Although learner satisfaction with online video is a prevalent theme in the literature, reporting on direct measures of learning (course performance) has been less consistent. Traphaganet al reported that, for students who had access to lecture videos, more video viewing was linked with higher performance.⁹ Similarly, pharmacotherapy students who were given access to a series of renal-pharmacotherapy videos to be watched prior to in-class activities performed significantly better on the renal examination section than students from the prior year who had no access to the videos or in-class activities.¹⁰ However, several studies conducted in health professions learning environments, including a physical therapy course, nursing course, and undergraduate medical course, found no significant difference in performance, as measured by examination scores, between students who had access to on-demand, audio-visual resources and those who only received live instruction.^11-13 Additionally, a study of undergraduate geography students found no significant differences in examination scores prior to and after adoption of 6 podcasts.⁴

Studies considering the relationship between technology and learner self-efficacy also have relevance to the present study. Research suggests that self-efficacy, an individual’s perception of his or her ability to produce a particular outcome, is a powerful predictor of academic performance.^14,15 Bandura argued that self-efficacy influences cognitive processes and learner success.¹⁶ Several studies looked specifically at the effects of technology on learner self-efficacy. Isiksal and Askar suggested a link between the use of geometry software and students’ mathematics self-efficacy when compared with a group who received only traditional instruction. Cauble and Thurston found interactive multimedia lessons provided multiple benefits to students such as influencing their confidence level and sense of competence.^17,18 Additionally, providing learners with the ability to manipulate elements within a multimedia learning tool has a significant impact on learner self-efficacy.¹⁹ bosse et al found training involving the use of instructional video, specifically improved the self-efficacy of problem-based learning (PBL) tutors in terms of techniques for dealing with difficult situations in PBL environments.²⁰

A literature search revealed a knowledge gap regarding the use of on-demand recordings to increase flexibility in a pharmacy skills laboratory. The primary objective of this project was to determine the effect of flexible learning through supplemental online videos about aseptic compounding techniques on student performance in such a laboratory.
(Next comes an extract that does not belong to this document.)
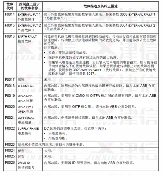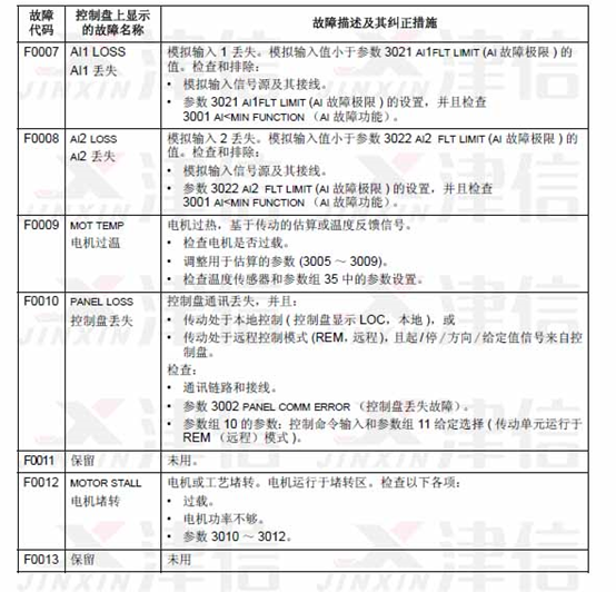 可以通過MENU/ENTER鍵來清除故障信息。如果故障依然存在,故障信息會(huì)在幾秒鐘后再次出現(xiàn)。此時(shí)需要根據(jù)故障代碼來進(jìn)行相應(yīng)的檢查和采取應(yīng)對(duì)措施。

The secondary objective was to determine the effects of the same videos on student self-confidence. Investigators hypothesized that students who accessed videos would have improved final assessment scores as well as increased self-confidence.

DESIGN

The doctor of pharmacy (PharmD) program at the University of Georgia College of Pharmacy requires 5 semesters of pharmacy practice skills laboratory. Two semesters are offered in the first (P1) year, two in the second (P2) year, and one in the third (P3) year. Class sizes average 145 students. Four laboratory sections of are available each week and each section is offered 8 times over 2 weeks to reduce the number of learners to approximately 20 per section. Aseptic compounding is introduced in the first semester of the P1 year. All students enrolled in skills laboratory courses are also enrolled in a parallel online course via the course management system, Desire 2 Learn (D2L, Kitchener, Ontario, Canada). Assignments, handouts, and assessments are available to learners through this technology.

During the summer of 2013, investigators, the course coordinator, and college’s instructional designer discussed the development, implementation, and design (Figure 1) for the research project. Researchers agreed that the P1 class was an ideal group on whom to study the effects of flexible learning about aseptic compounding. The rationale included the low likelihood that any P1 student had received previous aseptic compounding training and that collection of true baseline self-confidence data were realistic. Researchers agreed that 5 short videos (about 5 minutes in length) focused on selecting the diluent, gowning and garbing, sterilizing the hood, preparing the product, and checking the final product were ideal.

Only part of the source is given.